In [4]:
import pandas as pd
import pprint
import xgboost as xgb
import warnings
warnings.filterwarnings('ignore')

from sklearn.linear_model import LogisticRegression

from sklearn.ensemble import RandomForestClassifier
from sklearn.ensemble import GradientBoostingClassifier
from sklearn.ensemble import AdaBoostClassifier

from sklearn.model_selection import train_test_split
from sklearn.model_selection import GridSearchCV
from sklearn.model_selection import KFold
from sklearn.model_selection import cross_val_score

from sklearn.discriminant_analysis import LinearDiscriminantAnalysis

from sklearn.metrics import accuracy_score

In [5]:
df_train = pd.read_csv('../dataset/pfm_train.csv')
df_test = pd.read_csv('../dataset/pfm_test.csv')

df_train.drop(
    ['Over18', 'StandardHours', 'EmployeeNumber'], axis=1, inplace=True)
df_test.drop(
    ['Over18', 'StandardHours', 'EmployeeNumber'], axis=1, inplace=True)

# 预测变量
target_var = 'Attrition'

# 字符型
character_var = [
    x for x in df_train.dtypes.index if df_train.dtypes[x] == 'object'
]
numeric_var = [
    x for x in df_train.dtypes.index
    if x != target_var and x not in character_var
]

df_train = pd.get_dummies(df_train)
df_test = pd.get_dummies(df_test)

predictor = [x for x in df_train.columns if x != target_var]

In [6]:
validation_size = 0.3
seed = 7
scoring = 'accuracy'
X_train, X_test, y_train, y_test = train_test_split(
    df_train[predictor],
    df_train[target_var],
    test_size=validation_size,
    random_state=seed)
kfold = KFold(n_splits=10, random_state=seed)

In [7]:
def cross_val(model, X_train, y_train, X_test, y_test, kfold):
    cv_results = cross_val_score(
        model, X_train, y_train, cv=kfold, scoring=scoring)
    print('cv-mean: %.4f, cv-std: %.4f' % (cv_results.mean(),
                                           cv_results.std()))
    model.fit(X_train, y_train)
    pred_result = model.predict(X_test)
    pred_score = accuracy_score(y_test, pred_result)
    print('测试集分数： %.4f' % pred_score)
    return

In [8]:
model = LogisticRegression()
parameters = {
    'penalty': ['l1', 'l2'],
    'C': [0.01, 0.1, 1],
    'tol': [1e-6, 1e-5, 1e-4],
    'random_state': [1, 2, 3, 4, 5]
}

print('原始模型:')
cross_val(model, X_train, y_train, X_test, y_test, kfold)
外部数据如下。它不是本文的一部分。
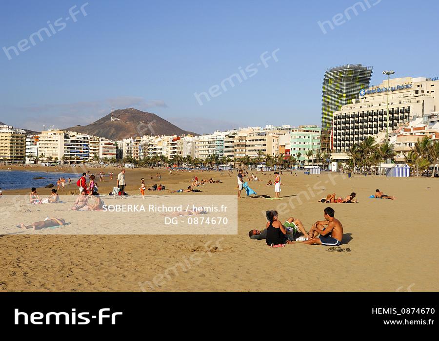 Spain, Canary Islands, Gran Canaria, Las Palmas de Gran Canaria, Las Canteras beach, vacationers on the beach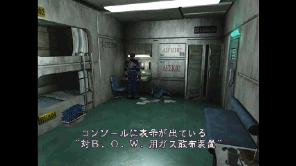 でさ、とある部屋に「対B.O.W.用ガス散布装置」ってのがあって、研究所に廊下に人間に無害な毒を散布してイビーを全滅させることができるんよね😳

grid_search = GridSearchCV(
    estimator=model, param_grid=parameters, scoring=scoring, cv=kfold).fit(
        X_train, y_train)
print('优化模型:')
print('最佳参数: %s' % str(grid_search.best_params_))
print('最佳得分: %.4f' % grid_search.best_score_)
cross_val(grid_search.best_estimator_, X_train, y_train, X_test, y_test, kfold)

原始模型:
cv-mean: 0.8805, cv-std: 0.0380
测试集分数： 0.8394
优化模型:
最佳参数: {'C': 1, 'penalty': 'l1', 'random_state': 2, 'tol': 0.0001}
最佳得分: 0.8831
cv-mean: 0.8831, cv-std: 0.0423
测试集分数： 0.8485


## 随机森林的调参过程
### 默认参数的模型性能

In [19]:
model = RandomForestClassifier(random_state=seed)
print('原始模型:')
cross_val(model, X_train, y_train, X_test, y_test, kfold)

原始模型:
cv-mean: 0.8558, cv-std: 0.0421
测试集分数： 0.8303


### 确定最佳的n_estimators

In [20]:
parameters = {
    'n_estimators': range(10, 110, 10)
}

grid_search = GridSearchCV(
    estimator=model, param_grid=parameters, scoring=scoring, cv=kfold).fit(
        X_train, y_train)
print(grid_search.grid_scores_)
print('优化模型:')
print('最佳参数: %s' % str(grid_search.best_params_))
print('最佳得分: %.4f' % grid_search.best_score_)
cross_val(grid_search.best_estimator_, X_train, y_train, X_test, y_test, kfold)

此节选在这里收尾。